Fig. 7 — Mechanisms of epigenetic modification-related factors promoting invasion in EVT. microRNAs, miRNAs; circular RNAs, circRNAs; long non-coding RNAs, lncRNAs; alkB homolog 5, ALKBH5; histone deacetylase sirtuin 2, SIRT2; circular RNA homeodomain interacting protein kinase 3, circHIPK3; circRNA furin, paired basic aminoacid cleaving enzyme, circ-FURIN; N6-methyladenosine, m6A; transforming growth factor, TGF-β; nuclear factor kappa B, NF-kB; atypical chemokine receptor 2, ACKR2; potassium channel modulatory factor 1, KCMF1; transcription factor AP-2 alpha, TFAP2A; metastasis-associated lung adenocarcinoma transcript-1, MALAT1; F-box and WD repeat domain–containing 7, FBXW7; cryptochrome 2, CRY2; SMAD family members, SMADs; ephrin receptor B4, EPHB4; activin receptor-like kinase 7, ALK7; amine oxidase copper containing 1, AOC1; thrombospondin 2, THBS2; C-X-C motif chemokine ligand 11, CXCL11; nuclear factor kappa B, transcription-κB; soluble fms-like tyrsine kinase-1, sFlt-1; E3 ubiquitin-containing protein ligases, β-TrCP; GATA binding protein 2, GATA2; wingless/integrated, Wnt; cluster of differentiation 97, CD97; vascular endothelial growth factor, VEGF; matrix metalloproteinase, MMP; bromodomain containing 4, BRD4

Studies shed light on the intricate role of RNA epigenetic modifications in trophoblast invasion, highlighting the involvement of various coding and non-coding RNAs. It has shown that miR-101 inhibited the expression of BRD4 and subsequently inhibited NF-κB/CXCL11 axis expression, thereby promoting trophoblast cell invasion [94]. Recent evidence suggests that miR-424-5p inhibited AOC1 expression and facilitated HTR-8/Svneo and TEV-1 invasive capacity via the Wnt/β-catenin signaling pathway [95]. Moreover, multiple studies have provided evidence that miRNAs can facilitate trophoblast invasion.
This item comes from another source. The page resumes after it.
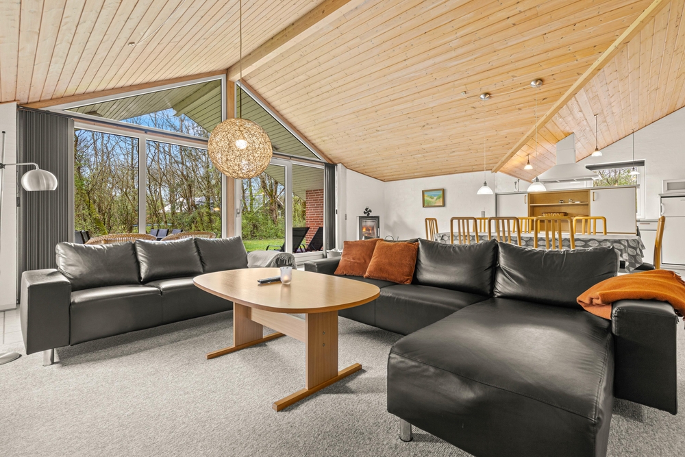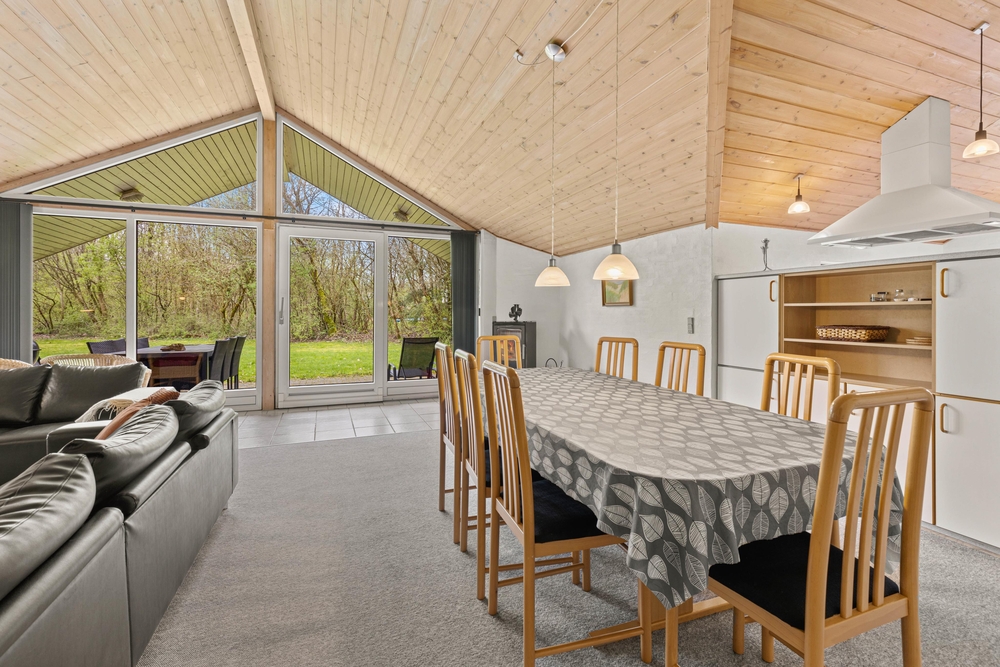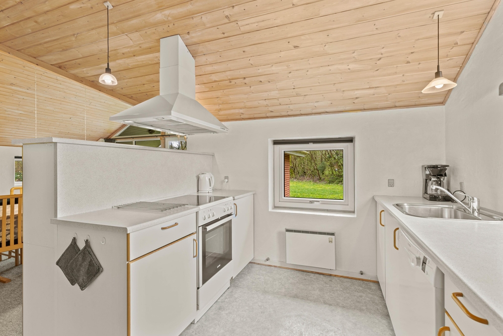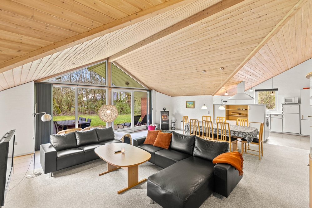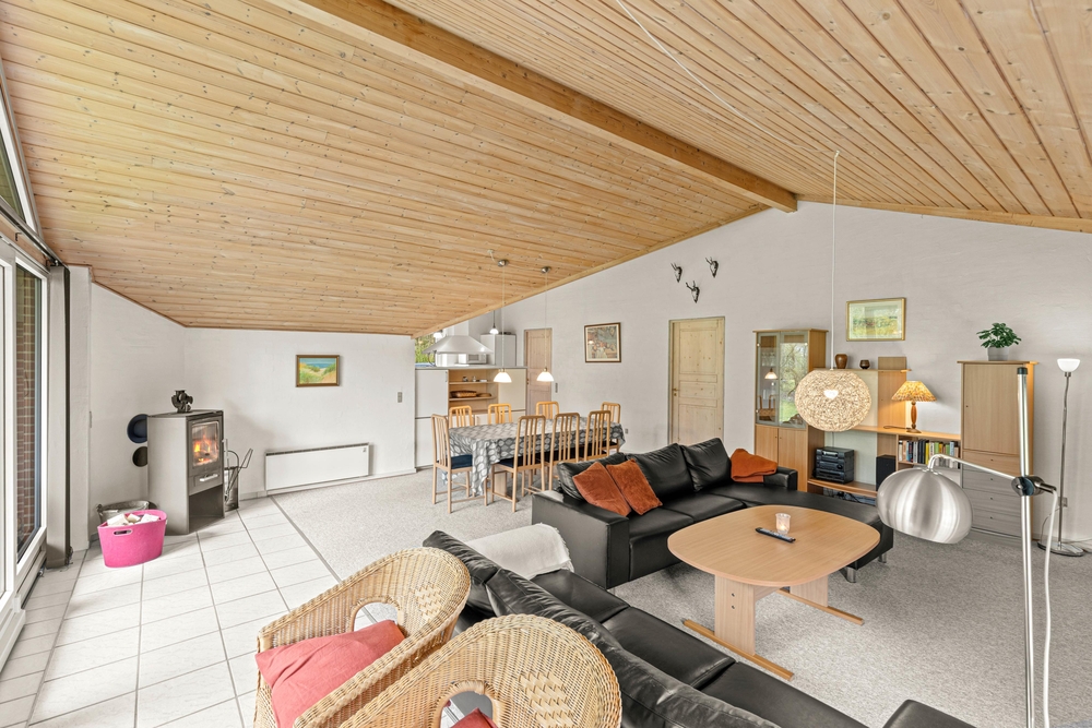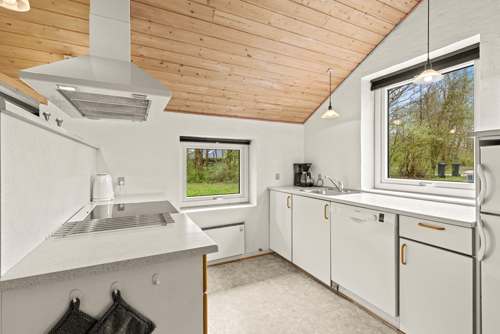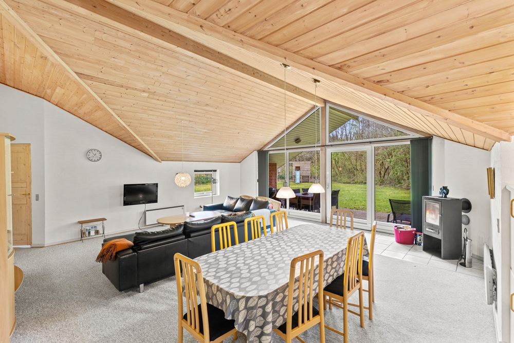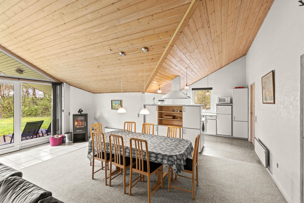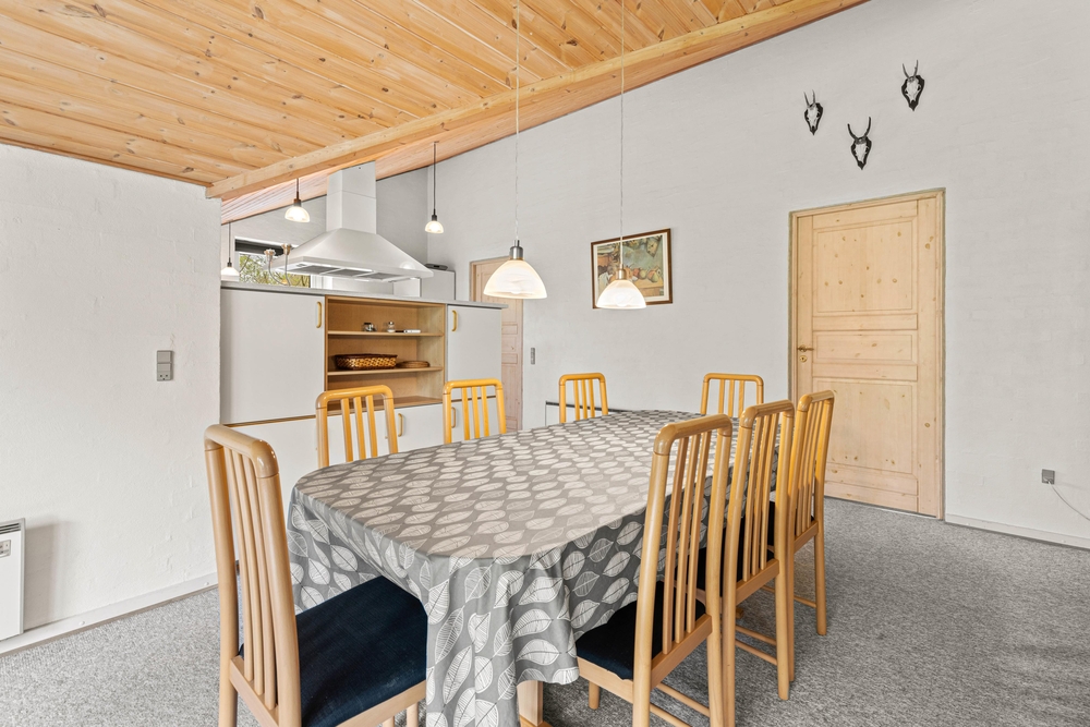 Der Wohnbereich des Ferienhauses in Jegum Ferieland bietet eine warme und behagliche Atmosphäre. Mit einem Kaminofen ausgestattet ist es der ideale Platz um nach einem langen Tag zu entspannen. Die offene Gestaltung von Wohnzimmer, Essbereich und Küche sorgt für ein kommunikatives und gemütliches Beisammensein. Die Küche ist modern eingerichtet und bietet alles was ihr für die Selbstversorgung benötigt. Nach dem Kochen erledigt die Spülmaschine den Abwasch mühelos und euch bleibt mehr Zeit für gemeinsame Gespräche.

Examples of such miR-18a, miR-135a-5p, miR-139-5p, miR-150-5p, miR-218-5p, miR-221-3p, miR-454, and miR-520c-3p [96–104].
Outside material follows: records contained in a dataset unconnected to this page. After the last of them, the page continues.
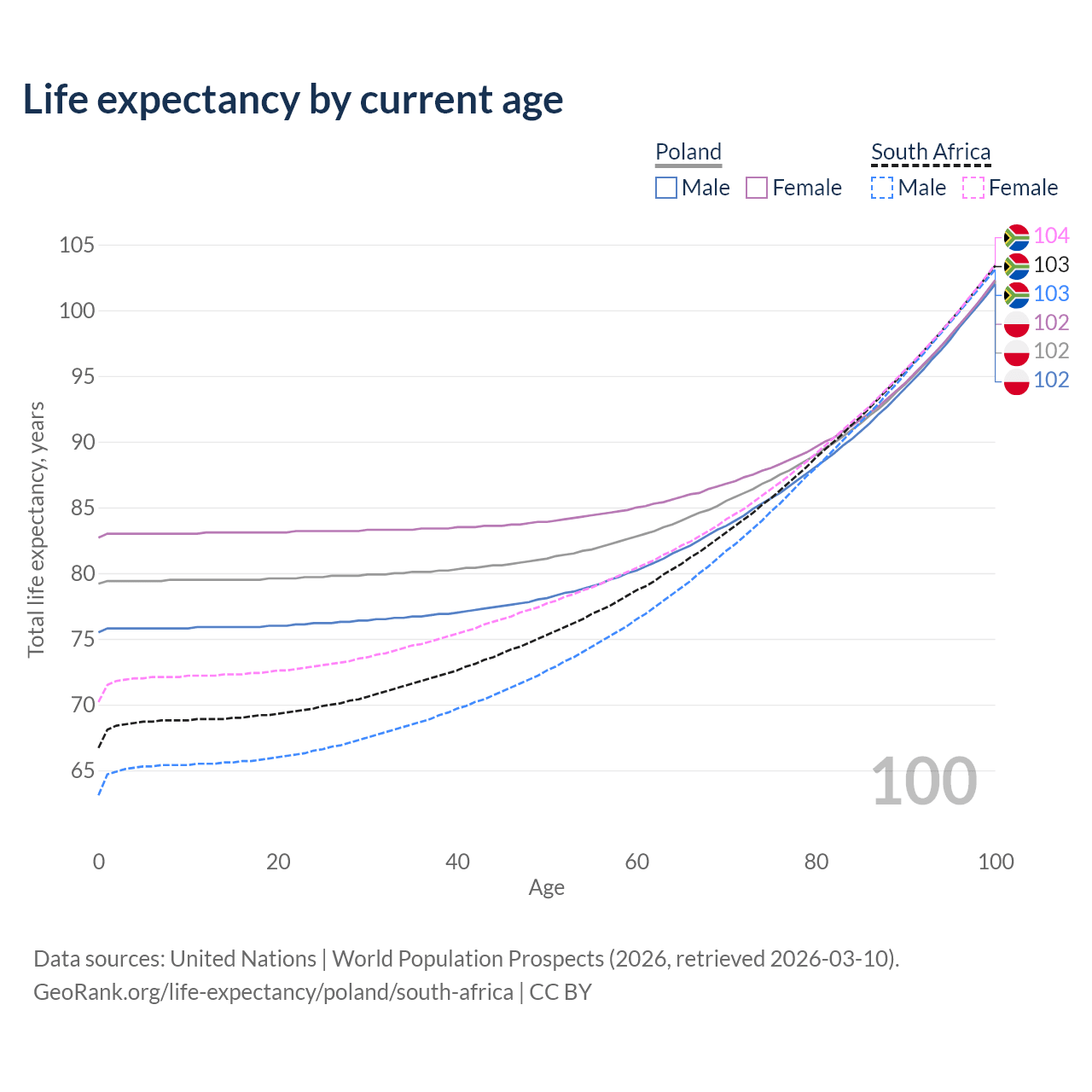 This life expectancy calculator shows the odds of living to 100, 95, 90, and below based on current age for both males and females in Poland and South Africa, along with mean and median age of death. The calculations are based on the 2026 life tables (actuarial tables) from the UN World Population Prospects.
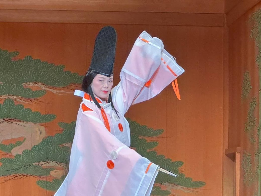 この講演会では、十二単以外の様々な衣装の着付けなども実演されました。源義経が愛した巴御前が着ていた白拍子の衣装もあり、ほんの少しですが白拍子の舞も披露されたことも興味深いものでした。
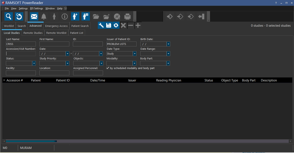 The Search tab could be accessed from the PowerWorklist. Search tab appears as shown below.
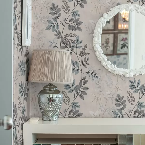 Papier peint Branches de baies dans des tons pastel avec des feuilles gris-bleu a00443
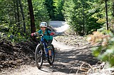 A Terraflow crew member takes a spin on a Legacy Bike Park trail overlooking Flathead …

It is shown that RNA demethylase ALKBH5 and histone deacetylase SIRT2 play pivotal roles in increased trophoblast cell invasion. The overexpression of ALKBH5 caused demethylate methylation modification of the N6-methyladenosine(m6A), a common RNA modification, promoting the expression of SMAD1/5. SMAD proteins acted as a transcriptional regulator that mediated the TGF-β signal to increase the expression of MMP9 and ITGA1 and thus promoted HTR-8/SVneo cell invasion [105]. SIRT2 stimulated the deacetylation of the p65 NF-κB subunit. This pathway will increase the miR-146a and produce more ACKR2, promoting EVT invasion [106]. The mechanisms by which these miR RNA regulate EVT invasion are detailed in Fig. 7.
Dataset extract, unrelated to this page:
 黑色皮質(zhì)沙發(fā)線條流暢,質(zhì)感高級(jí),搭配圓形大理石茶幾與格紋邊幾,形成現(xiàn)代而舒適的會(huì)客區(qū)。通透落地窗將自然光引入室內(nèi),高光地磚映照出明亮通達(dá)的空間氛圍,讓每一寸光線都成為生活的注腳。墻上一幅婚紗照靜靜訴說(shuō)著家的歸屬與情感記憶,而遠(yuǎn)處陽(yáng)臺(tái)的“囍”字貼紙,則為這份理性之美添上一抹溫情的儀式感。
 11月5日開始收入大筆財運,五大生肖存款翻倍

CircRNAs played a role in EVT invasion by sponging miR RNA, such as hsa_circ_0000848 acting as miR-6768-5p sponge [107]. The overexpression of circHIPK3, which functioned as a miR-346 sponge, can inhibit the function of miR-346 and increase KCMF1, thus promoting HTR8/SVneo cell invasion [108]. Besides, circFURIN, a converting enzyme under hypoxic conditions, can enhance trophoblast invasion by inhibiting miR-34a-5p from increasing the target gene TFAP2A expression [109].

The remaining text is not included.